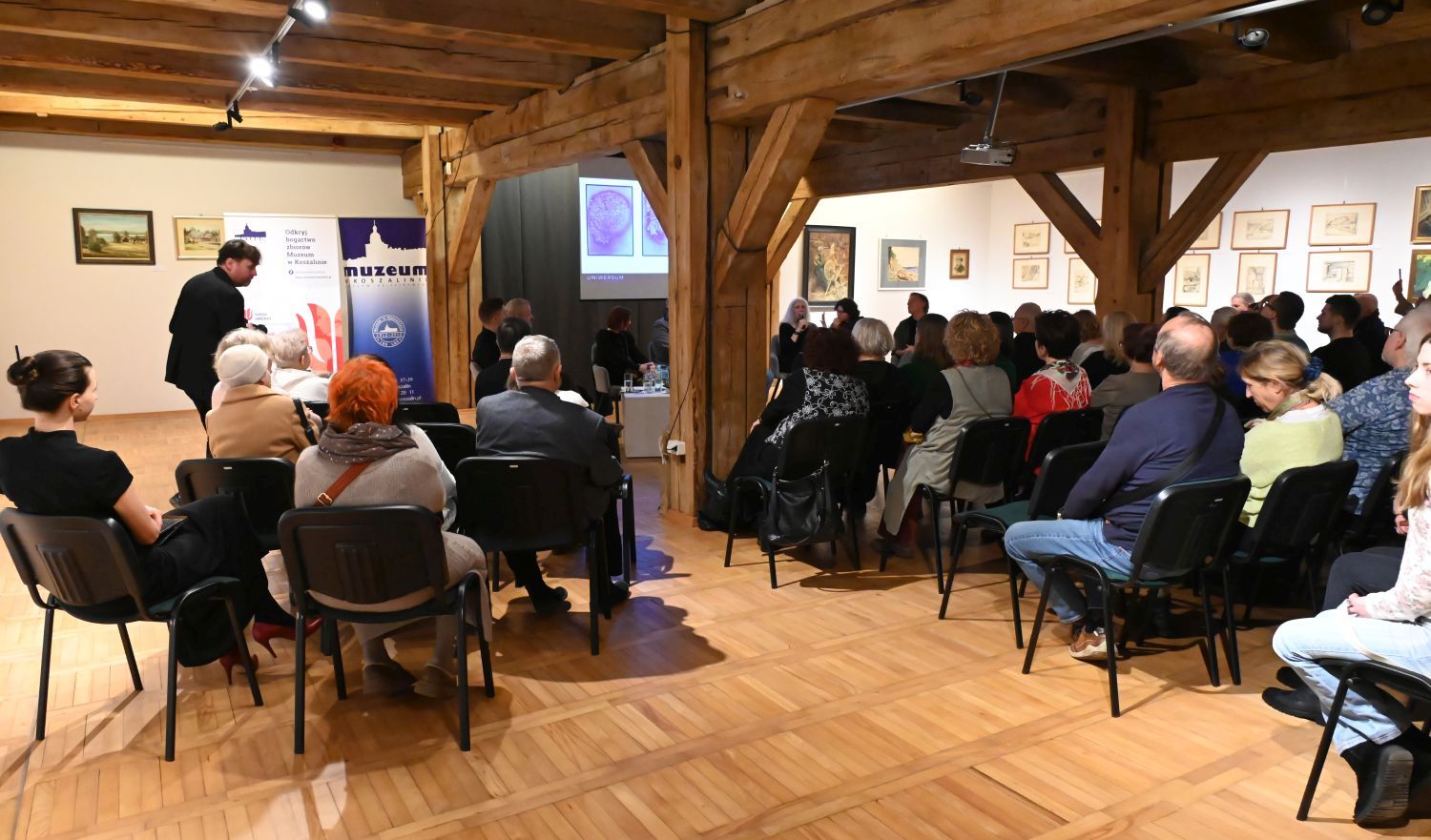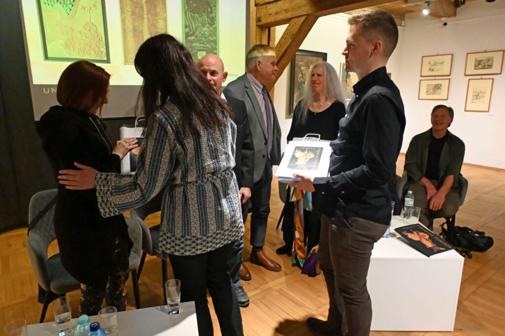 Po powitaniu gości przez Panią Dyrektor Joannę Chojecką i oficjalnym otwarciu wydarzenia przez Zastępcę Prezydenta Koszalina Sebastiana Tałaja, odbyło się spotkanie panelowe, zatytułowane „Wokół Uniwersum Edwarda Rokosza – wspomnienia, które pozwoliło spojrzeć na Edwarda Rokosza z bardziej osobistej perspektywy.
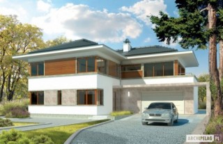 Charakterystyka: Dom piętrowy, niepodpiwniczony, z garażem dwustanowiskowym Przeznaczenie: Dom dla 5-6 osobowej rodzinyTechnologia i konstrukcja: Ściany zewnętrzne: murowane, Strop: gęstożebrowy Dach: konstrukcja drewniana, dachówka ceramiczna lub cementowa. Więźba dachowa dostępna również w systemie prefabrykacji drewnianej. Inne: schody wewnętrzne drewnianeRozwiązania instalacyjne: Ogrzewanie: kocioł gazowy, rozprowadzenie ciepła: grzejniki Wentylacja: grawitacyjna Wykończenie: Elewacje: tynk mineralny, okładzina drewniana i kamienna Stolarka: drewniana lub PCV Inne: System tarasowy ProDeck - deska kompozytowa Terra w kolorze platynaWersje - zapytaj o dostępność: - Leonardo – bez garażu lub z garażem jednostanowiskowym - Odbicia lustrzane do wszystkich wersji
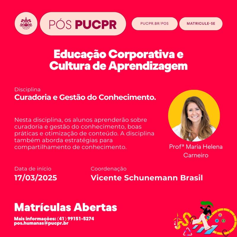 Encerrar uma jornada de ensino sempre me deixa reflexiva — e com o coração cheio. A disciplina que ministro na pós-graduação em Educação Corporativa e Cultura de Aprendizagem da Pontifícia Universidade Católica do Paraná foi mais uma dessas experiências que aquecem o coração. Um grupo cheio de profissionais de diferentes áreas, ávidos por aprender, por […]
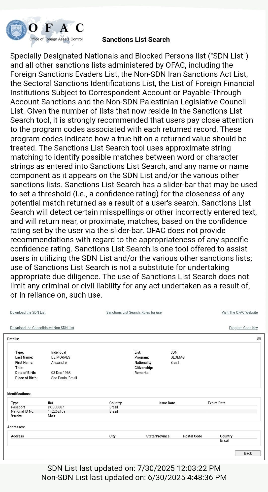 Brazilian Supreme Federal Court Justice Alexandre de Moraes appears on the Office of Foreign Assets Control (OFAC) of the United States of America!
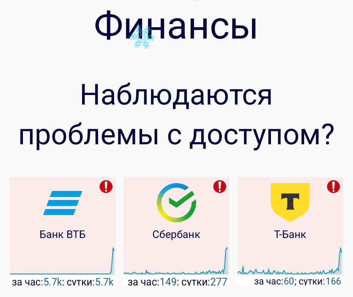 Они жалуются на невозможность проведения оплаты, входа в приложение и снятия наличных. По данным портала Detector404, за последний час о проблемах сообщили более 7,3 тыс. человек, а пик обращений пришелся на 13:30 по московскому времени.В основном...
---+---
§ **Task directions**: Print the material above once more, exactly. No pictures belong in it.

§ **Response below**:
 Po powitaniu gości przez Panią Dyrektor Joannę Chojecką i oficjalnym otwarciu wydarzenia przez Zastępcę Prezydenta Koszalina Sebastiana Tałaja, odbyło się spotkanie panelowe, zatytułowane „Wokół Uniwersum Edwarda Rokosza – wspomnienia, które pozwoliło spojrzeć na Edwarda Rokosza z bardziej osobistej perspektywy.
 Charakterystyka: Dom piętrowy, niepodpiwniczony, z garażem dwustanowiskowym Przeznaczenie: Dom dla 5-6 osobowej rodzinyTechnologia i konstrukcja: Ściany zewnętrzne: murowane, Strop: gęstożebrowy Dach: konstrukcja drewniana, dachówka ceramiczna lub cementowa. Więźba dachowa dostępna również w systemie prefabrykacji drewnianej. Inne: schody wewnętrzne drewnianeRozwiązania instalacyjne: Ogrzewanie: kocioł gazowy, rozprowadzenie ciepła: grzejniki Wentylacja: grawitacyjna Wykończenie: Elewacje: tynk mineralny, okładzina drewniana i kamienna Stolarka: drewniana lub PCV Inne: System tarasowy ProDeck - deska kompozytowa Terra w kolorze platynaWersje - zapytaj o dostępność: - Leonardo – bez garażu lub z garażem jednostanowiskowym - Odbicia lustrzane do wszystkich wersji
 Encerrar uma jornada de ensino sempre me deixa reflexiva — e com o coração cheio. A disciplina que ministro na pós-graduação em Educação Corporativa e Cultura de Aprendizagem da Pontifícia Universidade Católica do Paraná foi mais uma dessas experiências que aquecem o coração. Um grupo cheio de profissionais de diferentes áreas, ávidos por aprender, por […]
 Brazilian Supreme Federal Court Justice Alexandre de Moraes appears on the Office of Foreign Assets Control (OFAC) of the United States of America!
 Они жалуются на невозможность проведения оплаты, входа в приложение и снятия наличных. По данным портала Detector404, за последний час о проблемах сообщили более 7,3 тыс. человек, а пик обращений пришелся на 13:30 по московскому времени.В основном...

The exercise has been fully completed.